Мавен Ворнетт произнёс заклинание, создавшее вокруг Лилиан прочный световой барьер, который, вспыхнув изобилием ярких красок, бесследно исчез. Но заклинание, которым маг частично оградил Лили от воздействия её родственников, осталось активным.
— Теперь ты для них невидима, и они не смогут найти тебя, — пояснил маг, поймав на себе непонимающий взгляд своей ученицы.

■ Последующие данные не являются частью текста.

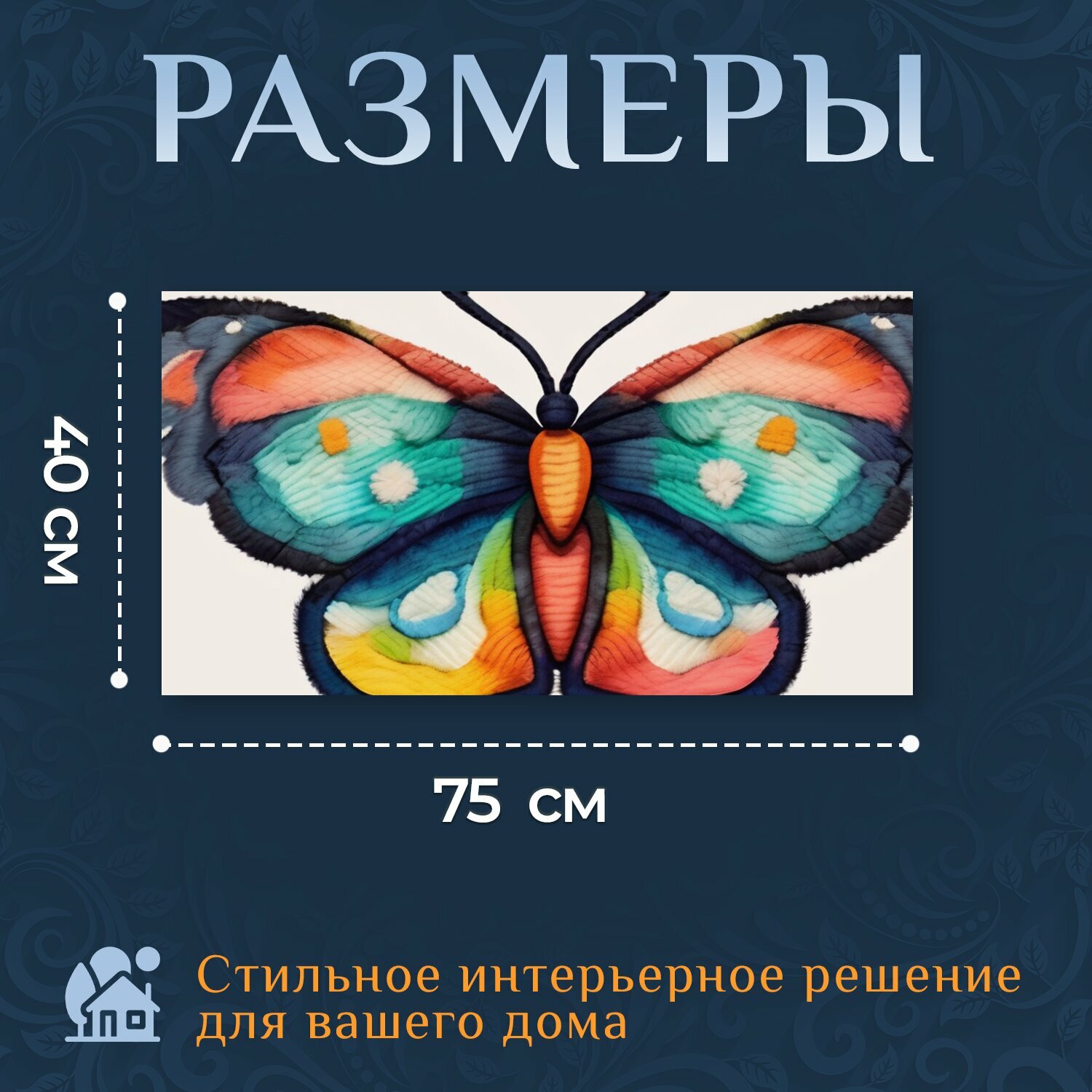 Картина на холсте "Бабочка из шерсти, в стиле акварель" на подрамнике 75х40 см. для интерьера информация:

После этого члены отряда Ворнетта попросили Лили поподробнее описать её побег из замка тёмных магов, на что та, прекрасно помнившая свои заключения, охотно согласилась:
— Сначала меня связали волшебными цепями и посадили в клетку. Маунверт и его прислужники, занятие подготовкой к битве, решили ненадолго отложить расправу со мной, подумав, что в таком состоянии я всё равно ничего не смогу предпринять для своего освобождения. Мне известно заклинание, способное порвать эти цепи. Я несколько раз освобождалась, но все мои попытки оказывались неудачными, так как в конечном итоге прислужники Маунверта находили меня и снова отправляли в клетку. И всё это продолжалось до тех пор, пока однажды, во время очередной попытки побега, я совершенно случайно не наткнулась на вот этот маленький волшебный шарик, валяющийся на полу. Я думаю, вы знаете, для чего он используется. Если нет, поясню: если произнести специальное заклинание и направить свет, который начнет исходить от этого шарика, в какого-то человека, в него можно превратиться. Итак, у меня появился план, осуществить который мне удалось, когда одна из прислужников Маунверта прибыла к моей клетке, чтобы проверить, не пытаюсь ли я сбежать. Усыпив её и приняв необходимый облик, я высвободилась и попыталась незаметно покинуть замок Маунверта, что на этот раз получилось успешно. Но я уверена, что Маунверт и его прислужники узнали о моём побеге и уже ищут меня и, несмотря на защиту, однажды всё же найдут, вновь забрав в плен.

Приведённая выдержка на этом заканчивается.